** RECORD EXTRACTS follows **

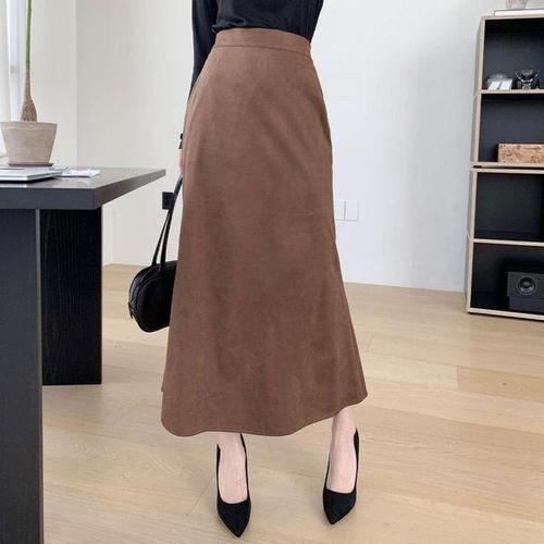 [신상오픈런]여성 심플 스웨이드 스판 A라인 롱 스커트
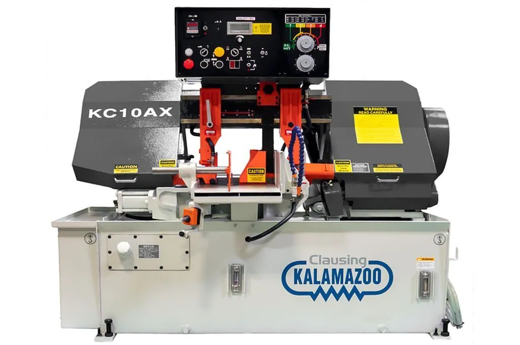 Discover the 2025 Clausing Kalamazoo KC10AX automatic horizontal bandsaw. This new 3 HP machine offers a 10” x 11” rectangular cutting capacity with features like variable blade speeds, hydraulic down feed, and a recirculating coolant system.
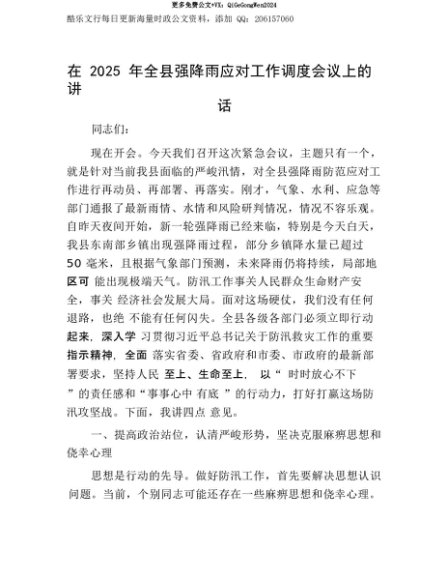 【七哥公文】2025年:【七哥公文】在2025年全县强降雨应对工作调度会议上的讲话+更多免费公文+VX:QiGeGongWen2024+更多免费公文+VX:QiGeGongWen2024
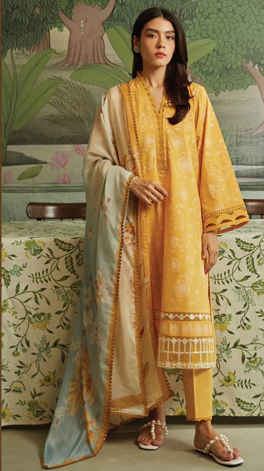 SHIRT -Digital printed cambric shirt -1 embroidered neckline -40" embroidered patti for hem TROUSER -Dyed cambric trouser...
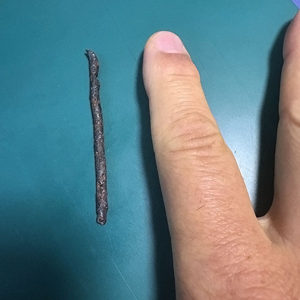 写真のような釘(?)状の金属が左後輪に刺さっているのが見つかり、サイドウオールを傷つけているということで、交換せざるを得なくなりました。
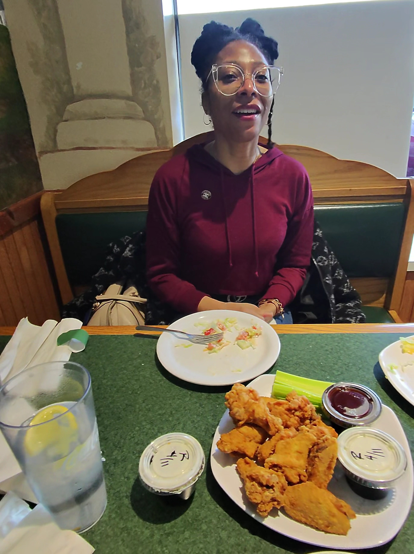 Gave her another chance until she didn’t check on us the entire time, no refills or check ins even after walking past us more than once, only asked us if we needed anything after we were done with our food but by then we already wanted to leave. Wouldn’t recommend Brittany (our server) but would recommend the server with the purple hair, she seemed nice...
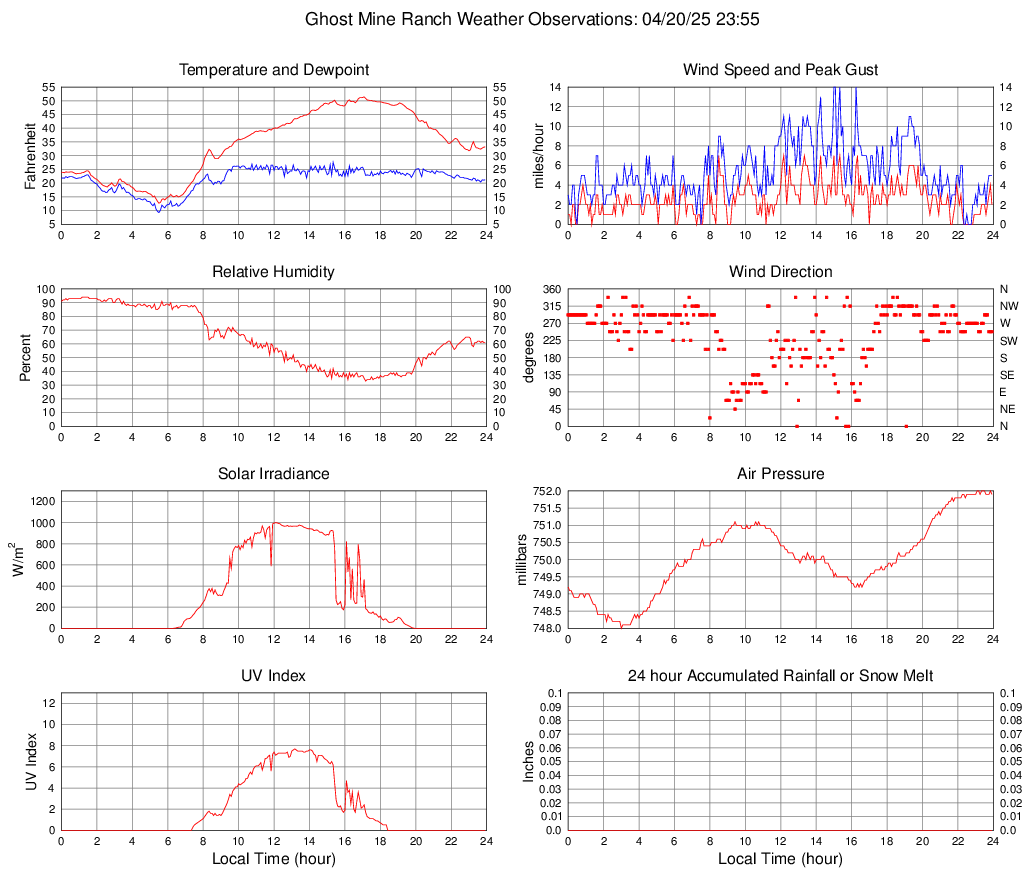 Temperature (F) 33.2 12.7 @ 05:30 51.4 @ 17:05 34.1

** End of RECORD EXTRACTS **

In the records above, find the line with "写真のような釘(?)状の金属" and the line with "Gave her another"; please transcribe exactly those two lines and all lines between them, omitting any picture.

- _ANSWER BOX_
 写真のような釘(?)状の金属が左後輪に刺さっているのが見つかり、サイドウオールを傷つけているということで、交換せざるを得なくなりました。
 Gave her another chance until she didn’t check on us the entire time, no refills or check ins even after walking past us more than once, only asked us if we needed anything after we were done with our food but by then we already wanted to leave. Wouldn’t recommend Brittany (our server) but would recommend the server with the purple hair, she seemed nice...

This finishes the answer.